Our society seems given to two extremes, both of which are in error (as extremes so frequently are). On the one side, we make too much of race. It becomes our primary identity, the main way we see ourselves and the main way we want other people to see us. Organizations are created to preserve our differences, but they permit only those of the designated race to participate. Skin color becomes the deciding factor in everything from hiring policies to the church one attends. On this side of the spectrum, then, lie the errors of exclusivity and partiality. To make race a “greater than” in any fashion is to ignore the equality of creation as well as the truth of Galatians 3:28: “There is neither Jew nor Gentile . . . for you are all one in Christ Jesus.” The error inevitably devolves into racism in its more violent incarnations (physical, social, and otherwise).

At the opposite end of the spectrum is, well, the opposite error. Instead of making too much of race, we become “colorblind.” Proponents of this philosophy “don’t see color anymore.” Colorblindness takes Gal. 3:28 and similar texts to the illogical conclusion that race doesn’t matter at all just because Christ makes all races equal. Race itself and all its implications are ignored: its contributions to how one experiences life, cultural distinctives, benefits, detriments, all of it. This can lead to racism as well, but in a different way. If an over-emphasis of race can lead to violent racism, then a de-emphasis of race can lead to apathetic racism. Problems are ignored, stories marginalized, beauty and pain both unacknowledged just because they’re connected to race — and, after all, we’re equal, and “I don’t see race anymore.”

I may not be an Anglican, but I still believe we need a via media here. So what would a middle way, a healthy view of race, look like?

For starters, it requires us to admit that race exists, as do racial differences. We are all equal in Christ Jesus, yes, but our fallen world may never see us as truly one. We must work to end racism in any form. Racist institutions must be brought to account. People should recognize the diversity of ethnicities and celebrate it — and them. The media and the justice system must be taught to treat all races with equality and justice. Churches should integrate; truly, we are among the last bastions of accepted segregation. Whites should worship with Blacks, Blacks with Asians, Asians with Latinos, Latinos with Whites . . . you get the picture. This is what eschatological worship will be (Revelation 7:9-11). Shouldn’t we try to bring a bit of heaven to earth?

We should go a step further, too. Whether in church or elsewhere, persons of all races should be free to celebrate who they are, to say, “I am _____, and I ______.” Freedom of expression is beautiful. It can even be godly. So let’s celebrate the wonders of the human race together, taking the gifts offered to each of us by our races and using them in the service of each other and enriching each other’s lives.
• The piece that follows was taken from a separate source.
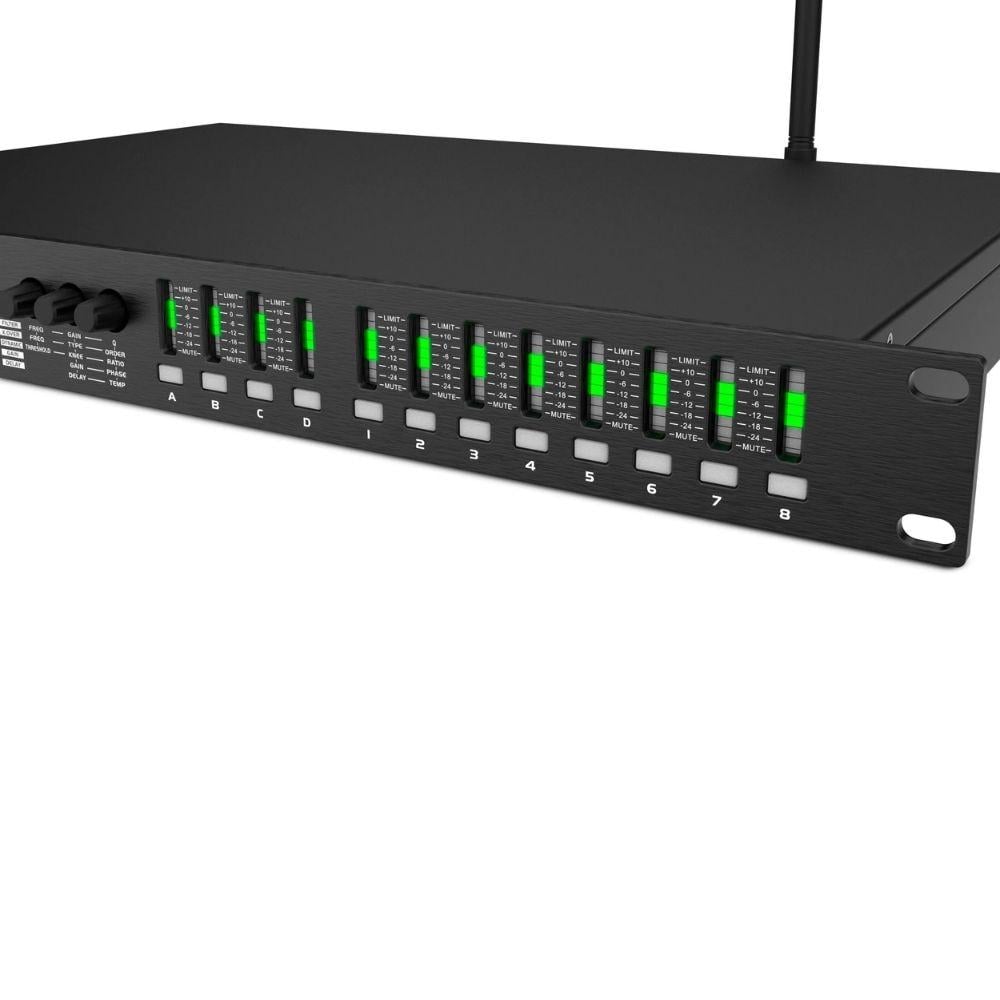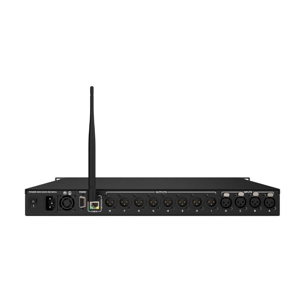 - يوفر معالج صوت رقمي مرونة كاملة عبر 8 قنوات خرج و 4 قنوات إدخال Line/Mic، مما يجعله مثاليًا لإدارة الأنظمة الصوتية الكبيرة والمعقدة مثل القاعات، المسارح، الاستوديوهات، والفعاليات الضخمة.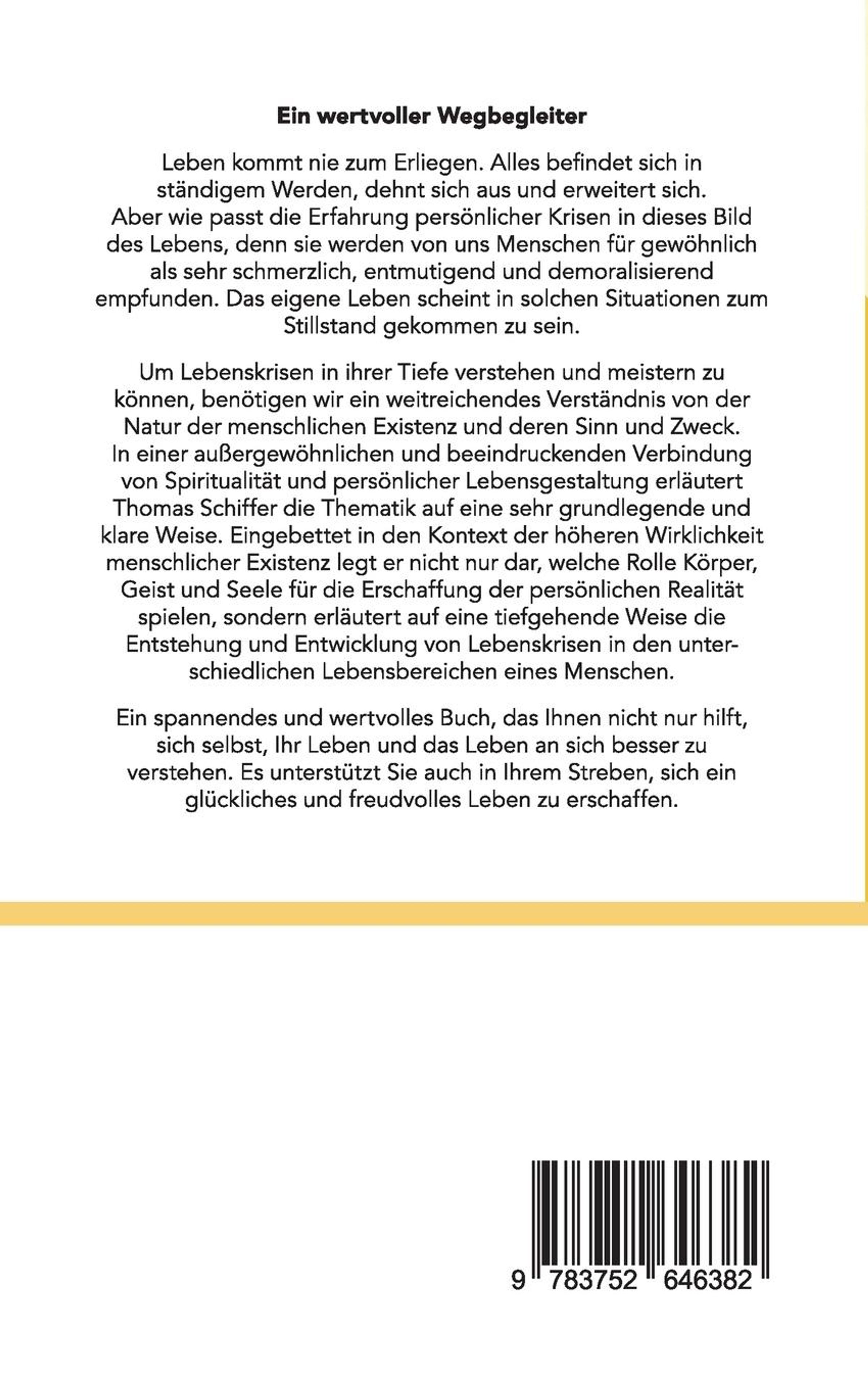 Um Lebenskrisen in ihrer Tiefe verstehen und meistern zu können, benötigen wir ein weitreichendes Verständnis von der Natur der menschlichen Existenz und deren Sinn und Zweck. In einer außergewöhnlichen und beeindruckenden Verbindung von Spiritualität und persönlicher Lebensgestaltung erläutert der Autor die Thematik auf eine sehr grundlegende und klare Weise. Eingebettet in den Kontext der höheren Wirklichkeit menschlicher Existenz legt er nicht nur dar, welche Rolle Körper, Geist und Seele für die Erschaffung der persönlichen Realität spielen, sondern erläutert auf eine tiefgehende Weise die Entstehung und Entwicklung von Lebenskrisen in den unterschiedlichen Lebensbereichen eines Menschen.

To do these things, however, we must back up a step and reclaim a biblical concept so basic it appears in the very first chapter of the Book. Genesis 1:26-27 tells us we are made in the image of God. Each of us, regardless of the color of our skin, bears the image of the divine. We cannot believe others to be less-than or more-than because they don’t look like us — because we all look like God. (The image isn’t physical, but you know what I mean.) All races are comprised of persons who are relational, rational, moral, and commissioned to have dominion over the earth. And if that’s true, then perhaps race is another gift from God, a blessing to be celebrated and enjoyed.

We must learn to love each other. If we don’t, we cannot love God (1 John 4:20). We must end the hatred, the evils of racism. We must work for a world wherein race is seen as a gift, not a curse, a world which sees, yet looks beyond, skin tone and recognizes the image of God in the Other. We can stop racially-motivated violence, regardless of its origin. We can open our hearts to listen and love those who are different than us. Then we can begin healing the broken heart of a broken land.